Miden Debugger

This crate implements a TUI-based interactive debugger for the Miden VM, designed to interoperate with midenc.

Usage

The easiest way to use the debugger, is via midenc debug, and giving it a path to a program compiled by midenc compile. See Program Inputs for information on how to provide inputs to the program you wish to debug. Run midenc help debug for more detailed usage documentation.

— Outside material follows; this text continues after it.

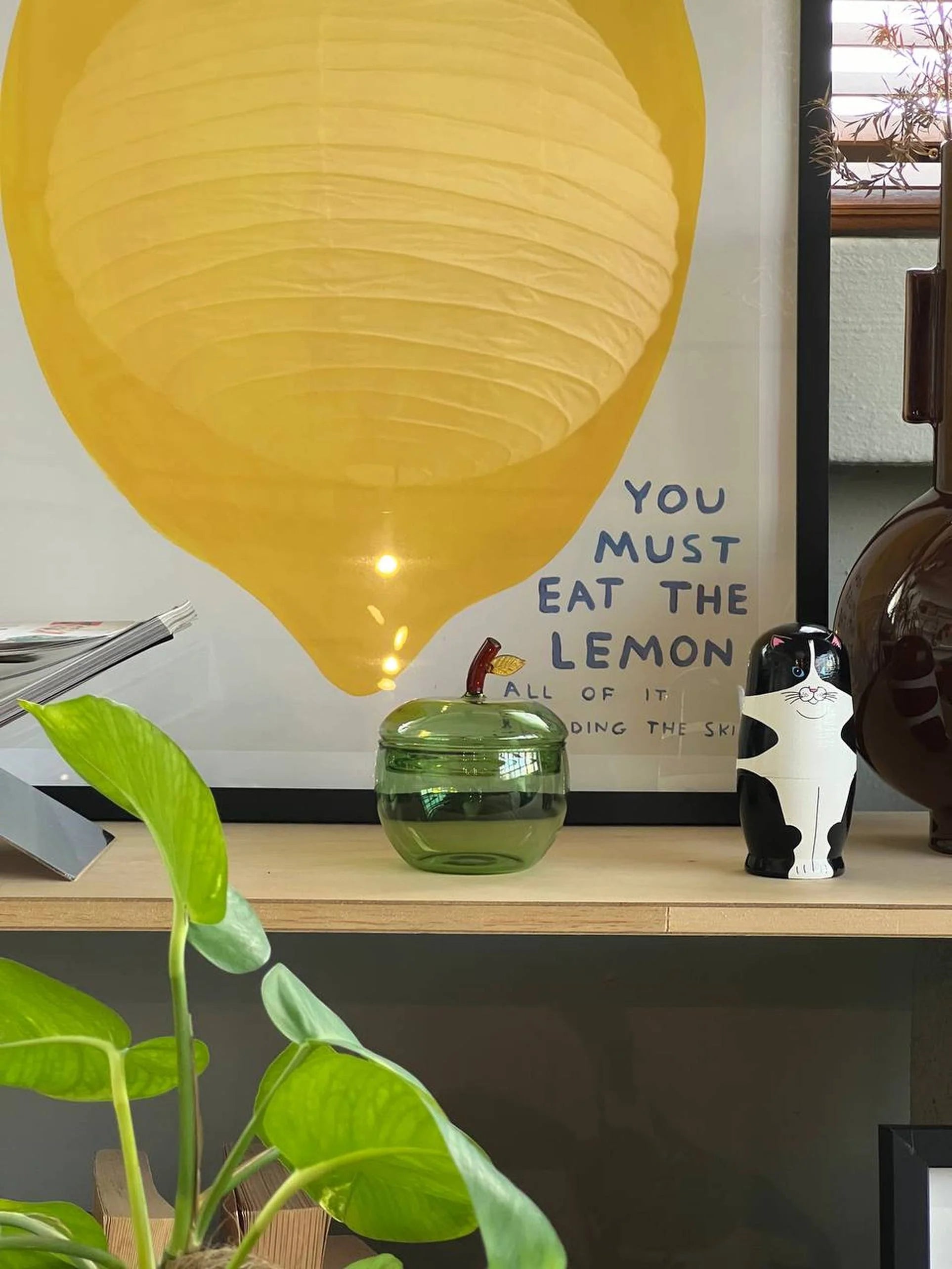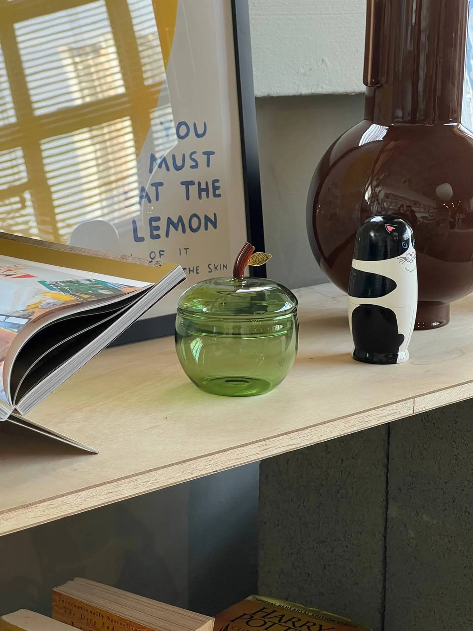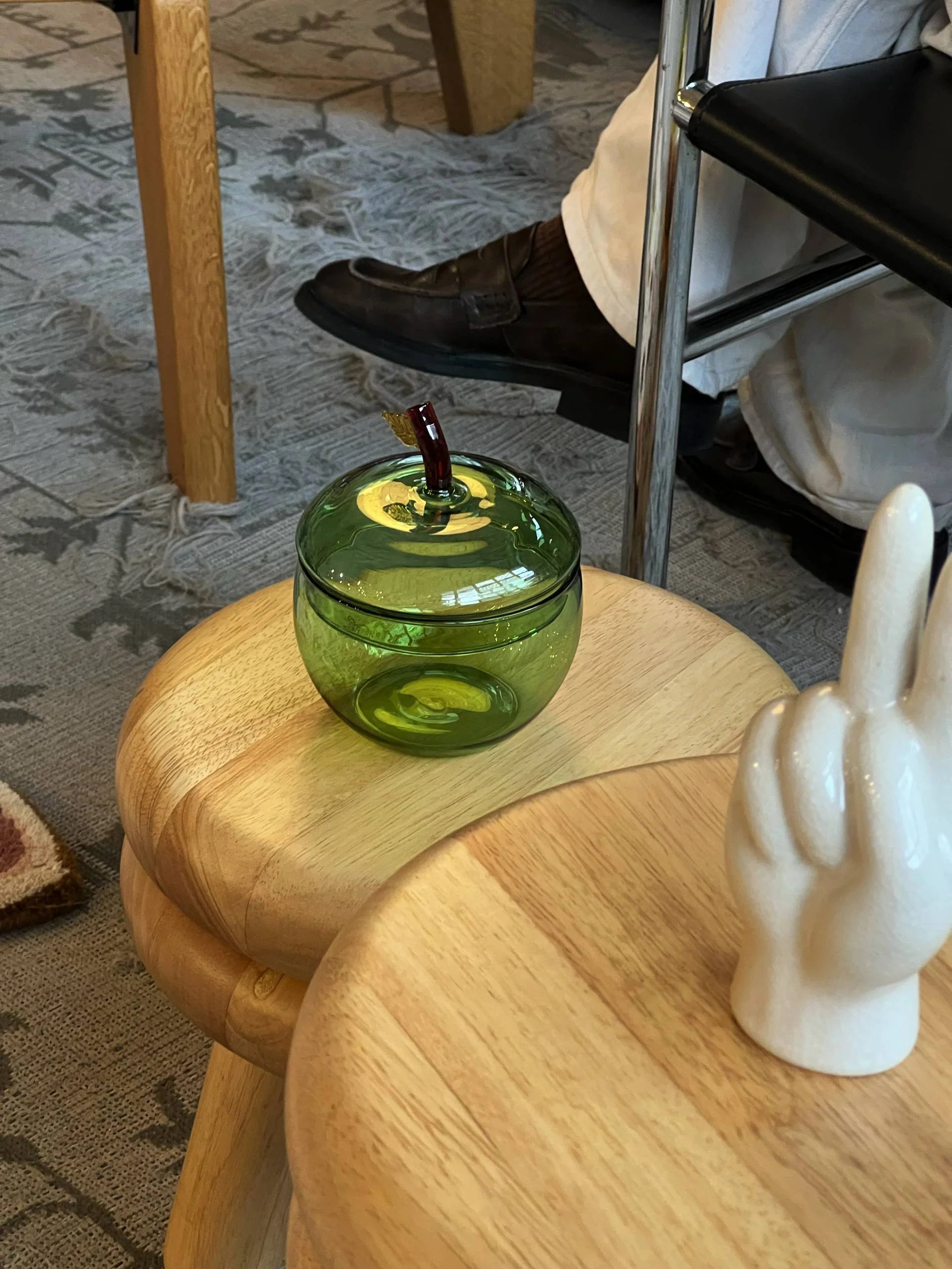 This hand made glass sugar bowl adds whimsy and color to any table setting. With a cute apple design and a capacity of 13.5 ounces, it is both functional and charming. Made with expert craftsmanship, this sugar bowl is a delightful addition to your kitchen collection.

The debugger may also be used as a library, but that is left as an exercise for the reader for now.

Example

# Compile a program to MAST from a rustc-generated Wasm module
midenc compile foo.wasm -o foo.masl

# Load that program into the debugger and start executing it
midenc debug foo.masl

Program Inputs

To pass arguments to the program on the operand stack, or via the advice provider, you have two options, depending on the needs of the program:

1. Pass arguments to midenc debug in the same order you wish them to appear on the stack. That is, the first argument you specify will be on top of the stack, and so on.
2. Specify a configuration file from which to load inputs for the program, via the --inputs option.

Via Command Line

To specify the contents of the operand stack, you can do so following the raw arguments separator --. Each operand must be a valid field element value, in either decimal or hexadecimal format. For example:

midenc debug foo.masl -- 1 2 0xdeadbeef

If you pass arguments via the command line in conjunction with --inputs, then the command line arguments will be used instead of the contents of the inputs.stack option (if set). This lets you specify a baseline set of inputs, and then try out different arguments using the command line.

Via Inputs Config

While simply passing operands to the midenc debug command is useful, it only allows you to specify inputs to be passed via operand stack. To provide inputs via the advice provider, you will need to use the --inputs option. The configuration file expected by --inputs also lets you tweak the execution options for the VM, such as the maximum and expected cycle counts.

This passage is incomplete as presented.